Commentary

App-makers, heed personal data protection law

My repertoire when it comes to using smartphone apps comprises only a few must-have functions: chat, search, directions, taxi booking, newspapers and photos.

I seldom venture beyond these utility apps, or download games and content-streaming apps. I have many reasons not to do so, including an obsession with protecting my data privacy.

It could be an occupational hazard. The more I cover news on data privacy and security breaches, the less I'm inclined to download.

There has been a stream of such news. A recent scare occurred in September last year when news broke that malicious code had found a way into some of Apple's popular Chinese mobile apps. More than 300 apps, including popular messaging service WeChat and cab-booking service Didi Kuaidi, were infected with the malware, which potentially allows the tracking of user data.
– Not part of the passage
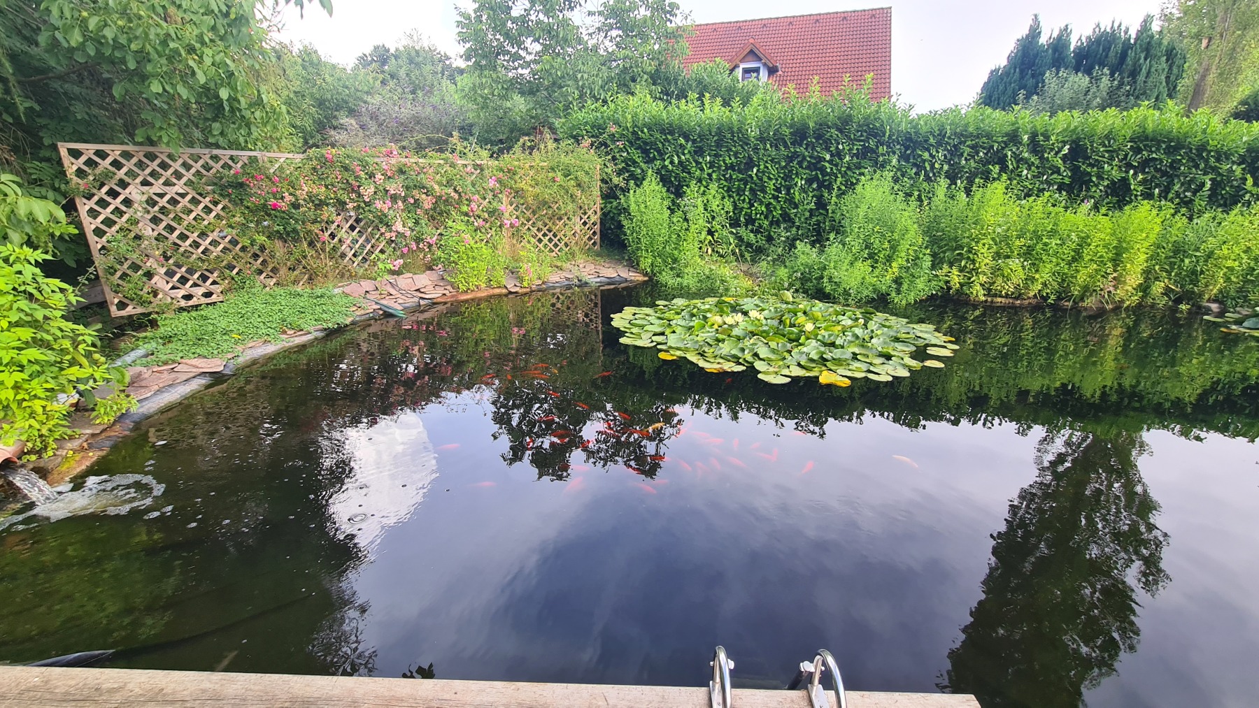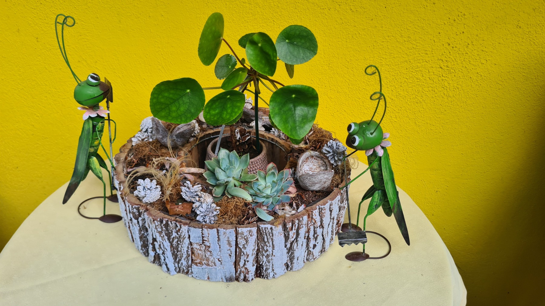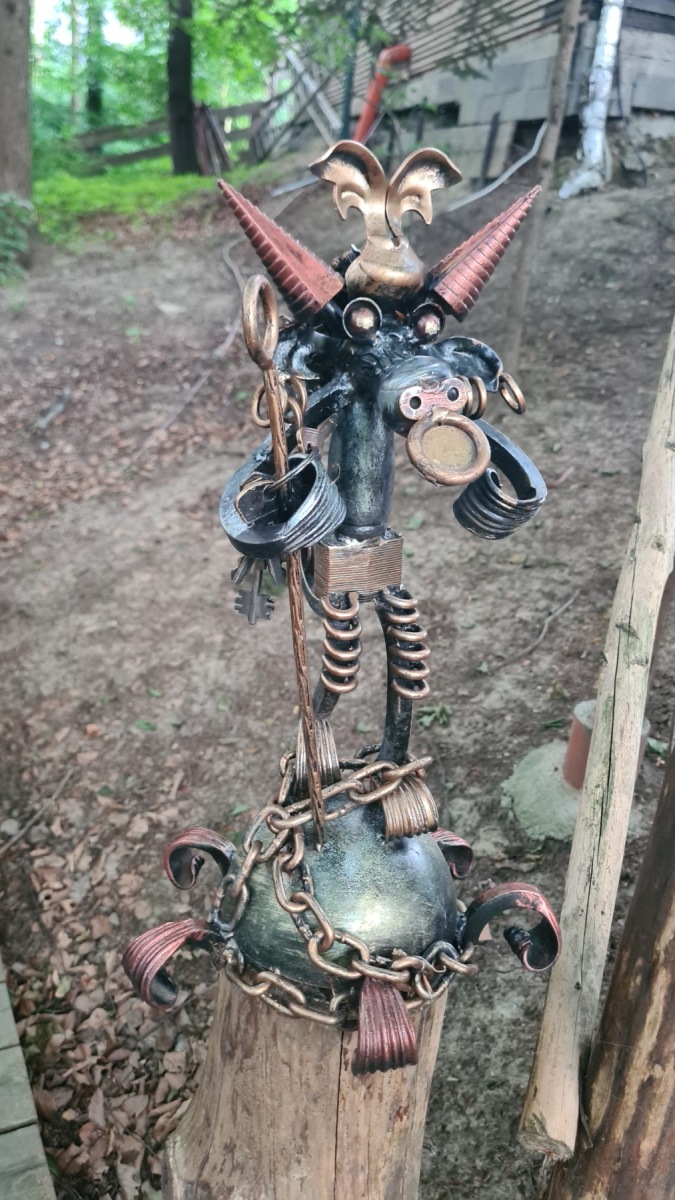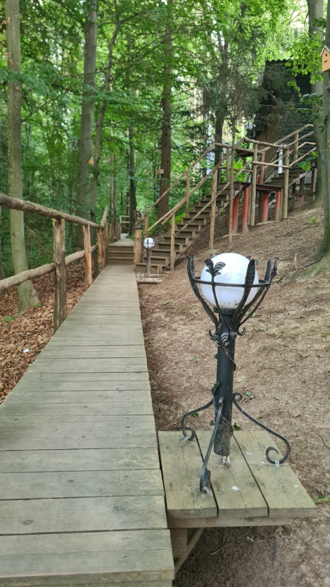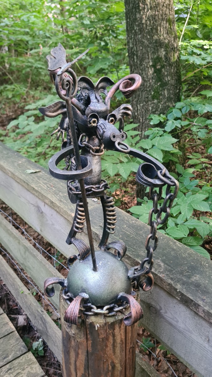 Ce soir nous dormons dans un studio en pleine campagne sur un terrain dans lequel le propriétaire a aussi aménagé une promenade dans la forêt et une mare. Le tout est décoré de sculptures que je trouve plutôt réussies.

App developers should state clearly within the privacy policy on the app download page what user information is collected and how it will be used. Singapore's Personal Data Protection Act, implemented fully in July 2014, requires such clarity, which is not followed, according to the findings. The law applies to app developers based in Singapore.

Apple has since removed the infected apps, which could have been downloaded by users here.
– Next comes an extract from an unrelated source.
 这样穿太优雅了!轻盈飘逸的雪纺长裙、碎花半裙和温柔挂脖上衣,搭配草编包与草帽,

Another news report surfaced on privacy threats closer to home.

The Straits Times reported in November that 90 per cent of mobile apps in Singapore - including those from banks, telcos, real estate agents and financial advisers - do not adequately declare what consumer data is collected or how it is used.

Yet, more than half of the mobile apps that people download seek access to swathes of sensitive information, such as users' online and social media identities and location. Apps from real estate agents and financial advisers even seek access to microphone and camera functions.

The findings came from a study by local data protection software-makers Straits Interactive and Appknox, which surveyed the privacy policies of 113 popular apps from the Singapore Google Play store.

App developers should state clearly within the privacy policy on the app download page what user information is collected and how it will be used. Singapore's Personal Data Protection Act, implemented fully in July 2014, requires such clarity, which is not followed, according to the findings.

The law applies to app developers based in Singapore.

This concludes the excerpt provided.